* **DIRECTIONS**:
The line with "Vintage Frog Printed Tote Bag" starts the range, and the last line of the listing ends it. Retype that range exactly, without pictures.

* **INPUT DATA**:
#####

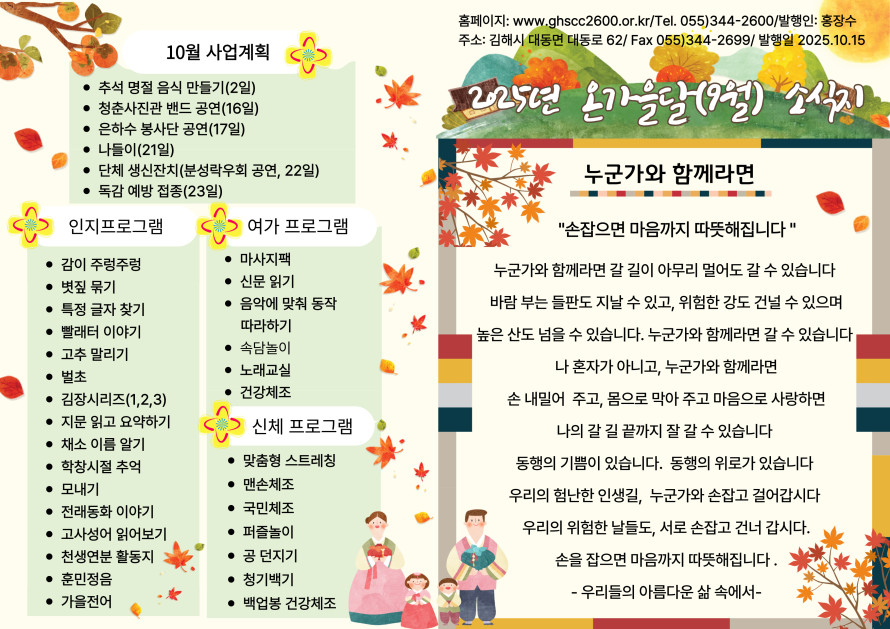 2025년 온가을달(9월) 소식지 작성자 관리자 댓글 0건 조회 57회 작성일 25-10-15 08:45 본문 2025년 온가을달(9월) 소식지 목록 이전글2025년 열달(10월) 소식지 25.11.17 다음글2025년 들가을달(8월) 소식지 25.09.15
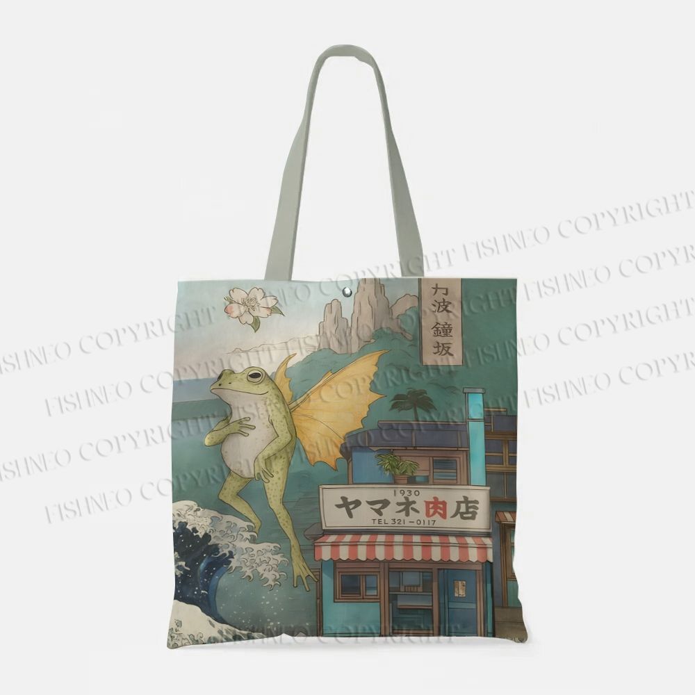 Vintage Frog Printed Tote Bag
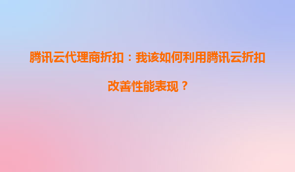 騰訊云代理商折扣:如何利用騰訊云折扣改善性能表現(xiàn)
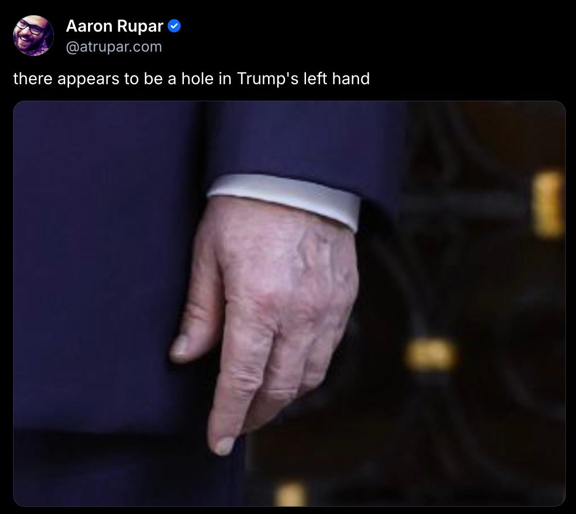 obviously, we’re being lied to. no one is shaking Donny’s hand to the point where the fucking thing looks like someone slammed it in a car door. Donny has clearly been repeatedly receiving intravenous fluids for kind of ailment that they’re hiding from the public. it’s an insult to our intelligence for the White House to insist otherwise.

#####

* **REPLY**:
 Vintage Frog Printed Tote Bag
 騰訊云代理商折扣:如何利用騰訊云折扣改善性能表現(xiàn)
 obviously, we’re being lied to. no one is shaking Donny’s hand to the point where the fucking thing looks like someone slammed it in a car door. Donny has clearly been repeatedly receiving intravenous fluids for kind of ailment that they’re hiding from the public. it’s an insult to our intelligence for the White House to insist otherwise.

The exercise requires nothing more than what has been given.